Присев на деревянную кровать, перевела взгляд на одиноко мерцающую свечу в глиняном горшочке с песком. Рядом стоял ещё один горшочек побольше, в него нам дозволялось собирать уголья из большого очага в трапезной, чтобы хоть немного согреть свои крошечные комнаты. Я посмотрела на противоположную стену с иконой и вспомнила, как аббатиса привезла меня сюда, и я впервые увидела мрачные высокие стены и возвышающиеся над ними крыши аббатства на вершине горы.
Встречала нас одна из помощниц, и пока две молоденькие девушки бросились выпрягать лошадей из повозки, сестра что-то торопливо объясняла.
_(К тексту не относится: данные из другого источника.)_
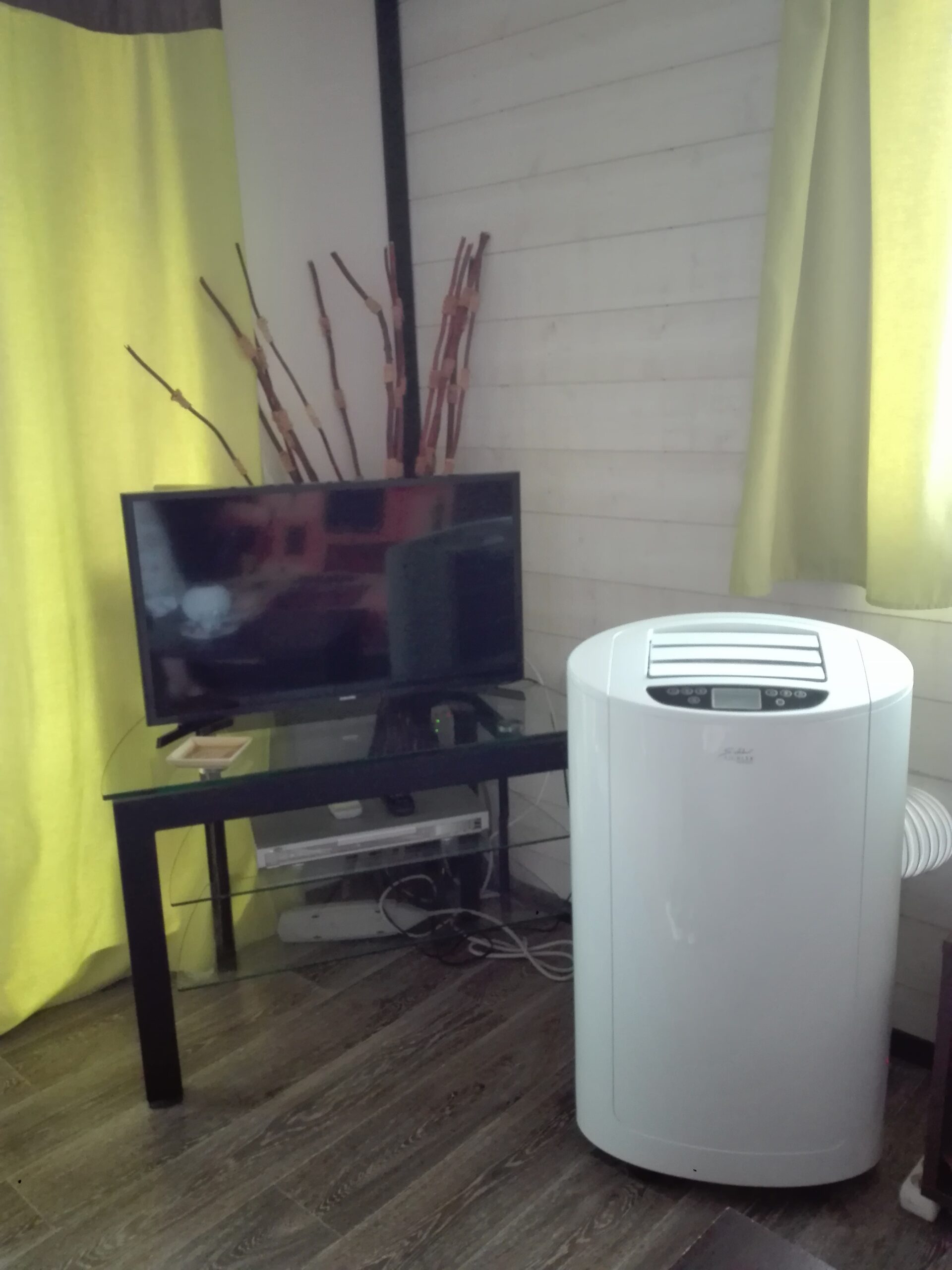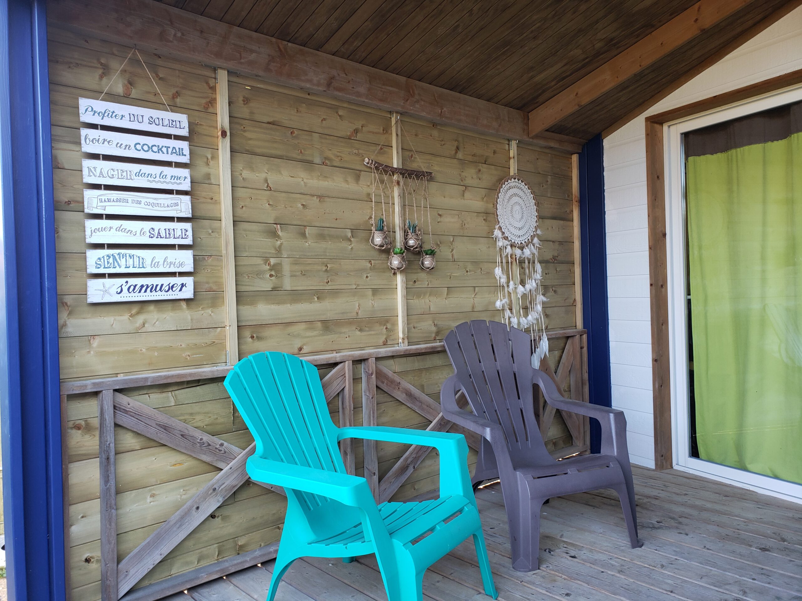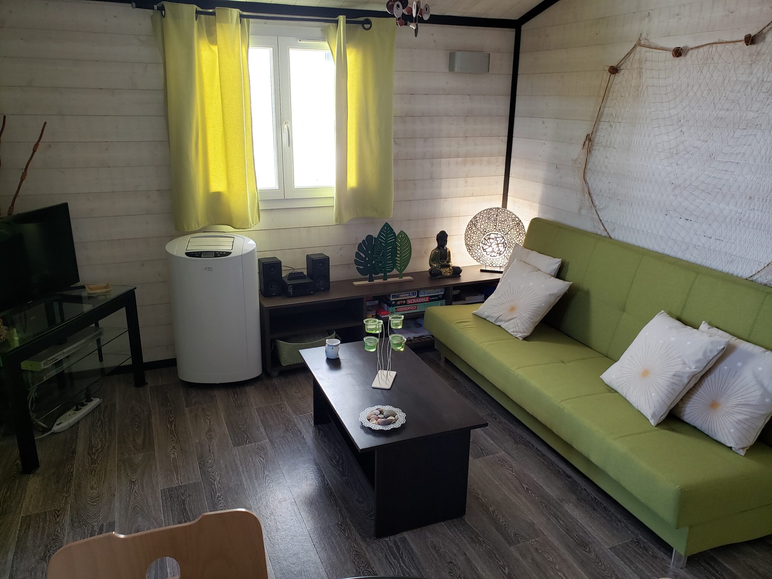 - d’un séjour (banquette clic-clac, TV TNT écran plat + lecteur DVD, mini chaine-Hifi avec port USB, 1 module de climatisation).
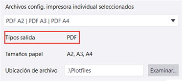Introduzca la ubicación para el archivo PDF o de ploteo, o bien utilice Examinar... para buscar la carpeta. La carpeta \Plotfiles en la carpeta del modelo es el valor por defecto. Esta opción solo está disponible si ha seleccionado Archivo PDF o Archivo de ploteo. |
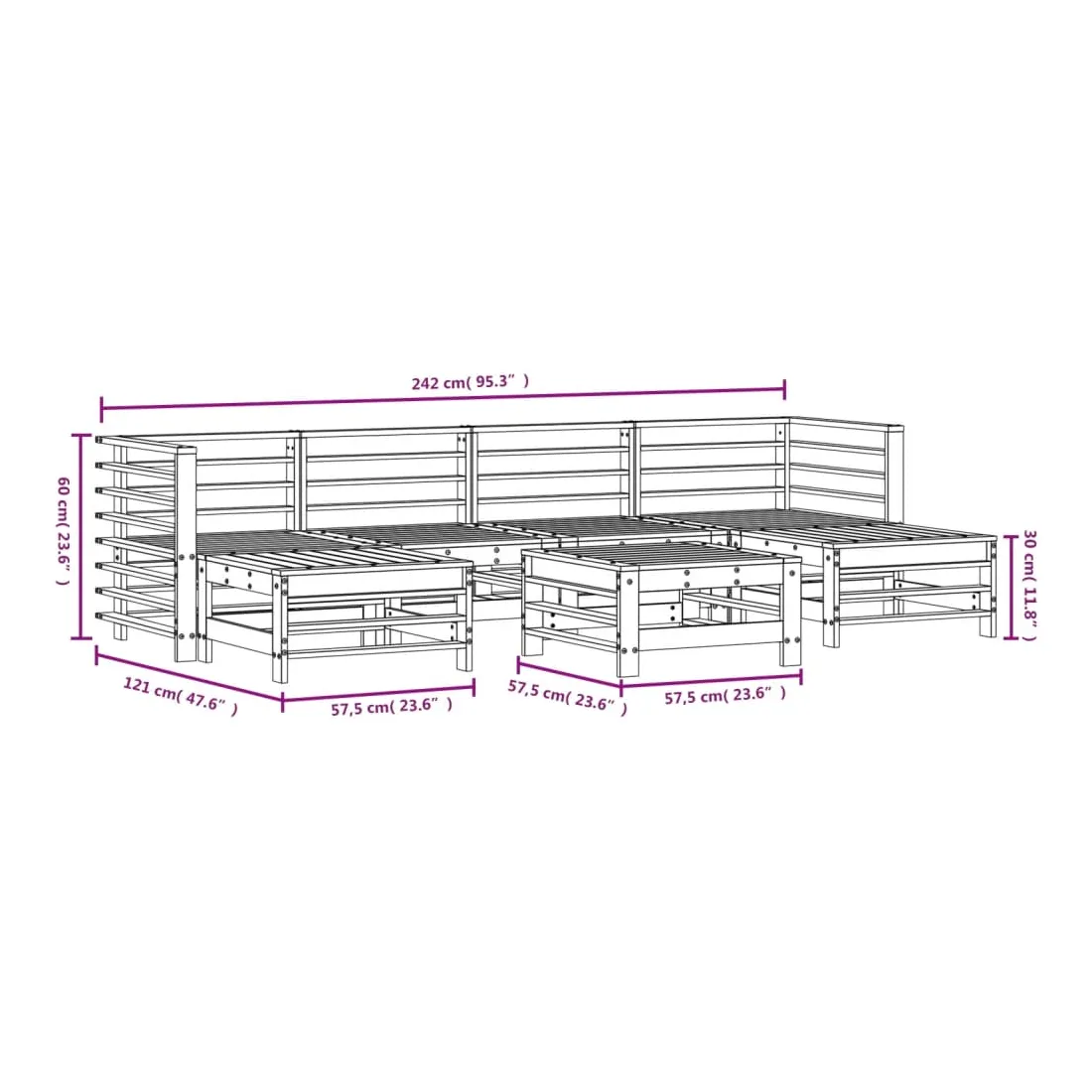 - Dimensions du canapé central : 57,5 x 63,5 x 60 cm (L x l x H)
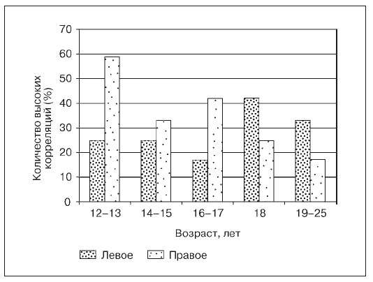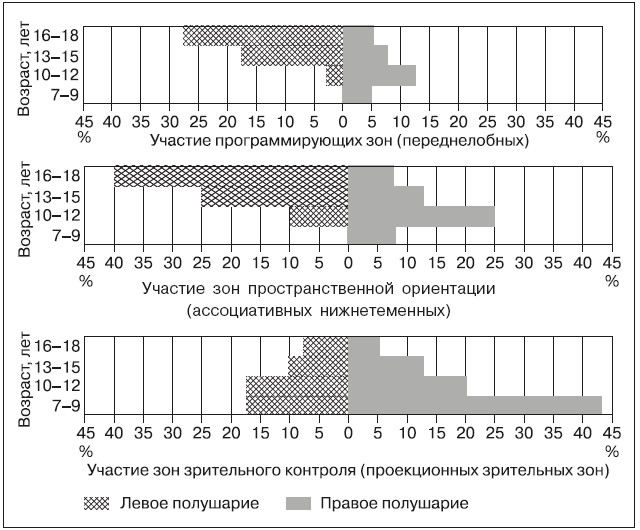 Рис. 56. Возрастная динамика участия разных зон левого и правого полушарий в управлении движениями

Её тонкие пальцы складывались в непонятные для меня знаки, а аббатиса задавала вопросы:
— Сестра Селестия? Со скалы?
Женщина кивнула в ответ и продолжила свой молчаливый рассказ.
— После встречи с покровителями? Вы не проследили, чтобы она выпила особый отвар?
Помощница склонила голову, скорбно складывая руки в мольбе.
— Вы будете наказаны, сестра Анна. Разве не знаете, как не любят покровители подобных происшествий? Вы должны были объяснить ей, что ради аббатства и сестёр приходится идти на жертвы, а потом напоить отваром. Этот досадный случай может сказаться на чести ордена, и высокие лица отвернутся от нас, и не на что станет содержать монастырь. Прихожане нынче не жалуют милостыней, её не хватает даже на дрова для очага. Что станет с обителью и монахинями? Как мы сможем нести просветление грешным душам и помогать страждущим? К счастью, есть ещё шанс умилостивить покровителей. Я привезла новую послушницу. Сейчас соберите сестёр и будем молиться за душу нашей бедной усопшей грешницы, дабы Господь простил грех самоубийства и принял её в своё царствие.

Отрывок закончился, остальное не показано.